Zulip Chat Archive

Stream: new members

Topic: Array indexing strangeness


Malcolm Langfield (May 28 2022 at 03:24):

Can anyone explain why this is expected behavior in Lean 4:

-- Array literal declaration and subscripts.
#eval #['a', 'b', 'c'][4]      'A'
#eval #['b', 'c', 'd'][4]      'A'
#eval #[1, 2, 3][4]      0
#eval #["a", "aa", "aaa"][4]      ""

I expect it has something to do with wanting the "subscript" function to be total. This seems like javascript-level silent failure inducing behavior to me. I thought one of the big selling points of dependent types was the whole Vector example thing (I'm thinking of one of Edwin Brady's talks), where we can't get index errors because the length of our containers is encoded in the type?

Is Array a type that most users aren't supposed to touch, or something that only exists because it's very fast in certain special cases or something?

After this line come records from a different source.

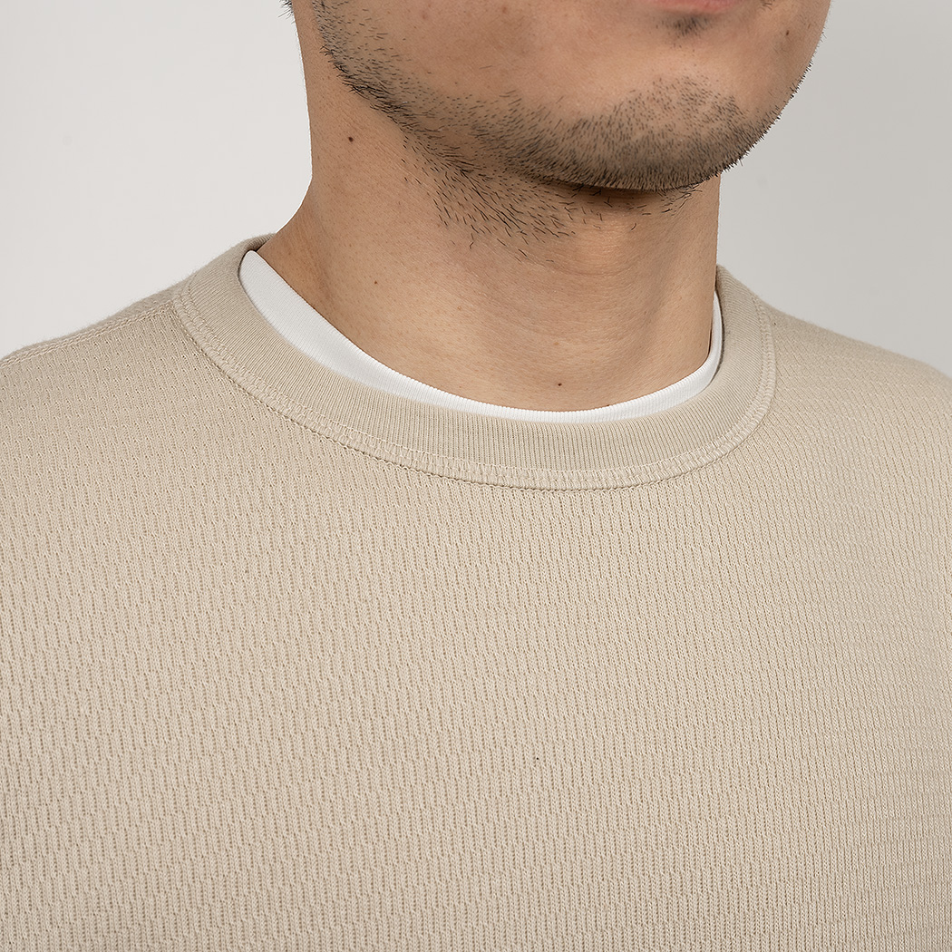 生地は前回同様のハニカム。ミリタリーの古着を元に探していたらちょうど良いタイミングで生地屋さんが作ってくれた もの。そこに首・袖口はフライス(リブ)を。このリブが大事。手首がスースーしない。多少、袖が長いのも吸収してくれる。
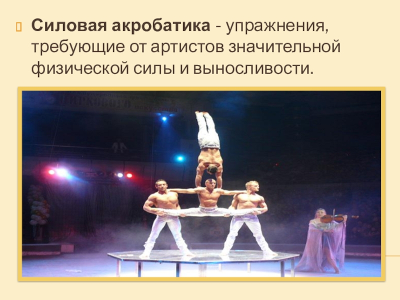 Слайд 16Силовая акробатика - упражнения, требующие от артистов значительной физической силы и
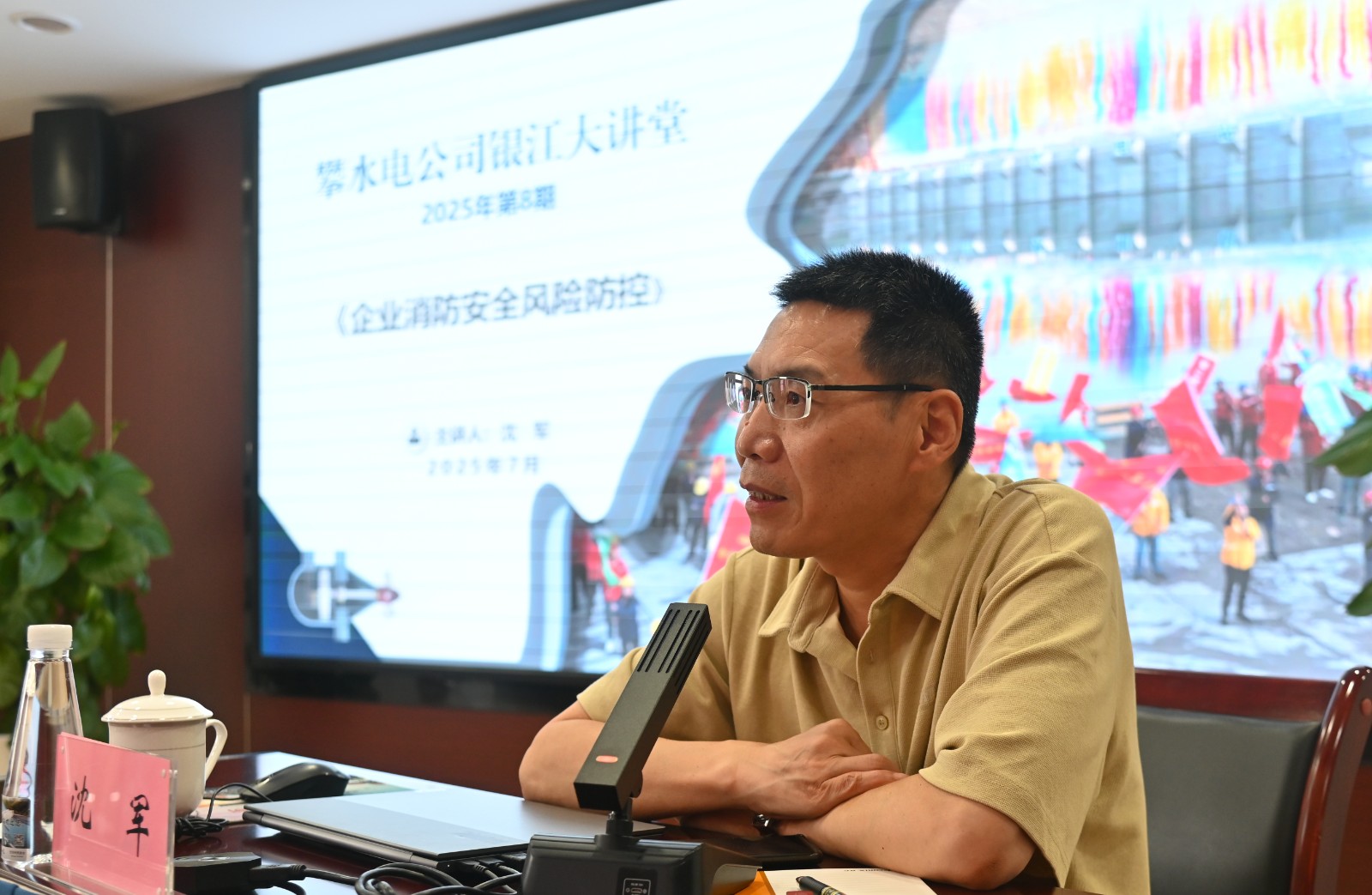 為切實提升全員消防應(yīng)急處置能力,筑牢企業(yè)安全防線,7月27日,攀水電公司舉辦2025年第8期“銀江大講堂”,特邀四川省消防工作專家?guī)熨Y深專家、高級工程師沈軍講授企業(yè)消防安全風(fēng)險防控知識,四川省消防救援總隊攀枝花市支隊周立波政委出席指導(dǎo),公司領(lǐng)導(dǎo)、各部門員工、參建單位代表共計60余人參訓(xùn)。

Chris Bailey (May 28 2022 at 03:35):

Length isn't in the type of Array. The notation here uses Array.getOp, so it's returning the default element of the type. Collections generally have methods like Array.get that take a proof the access is in-bounds to ensure safe access.

I think the three options for default behavior in this case are 1. crash, 2. return an Option A, or 3. return a default element. I wouldn't call the third option failure, but I sort of agree it's the most likely to hide a bug. I'm not sure if there's a reason they went with that or if it's set in stone.

Chris Bailey (May 28 2022 at 03:39):

I'm not sure if there's a public indexing function that panics yet, so that might be part of it.

Malcolm Langfield (May 28 2022 at 03:43):

Thanks very much for the explanation! I understand length isn't in the type of Array. I guess my question is more why Array exists at all, and in particular why something that is unsafe like this is given "priority" notation, if that makes any sense. When would you need something that doesn't take a proof of in-bounds-ness?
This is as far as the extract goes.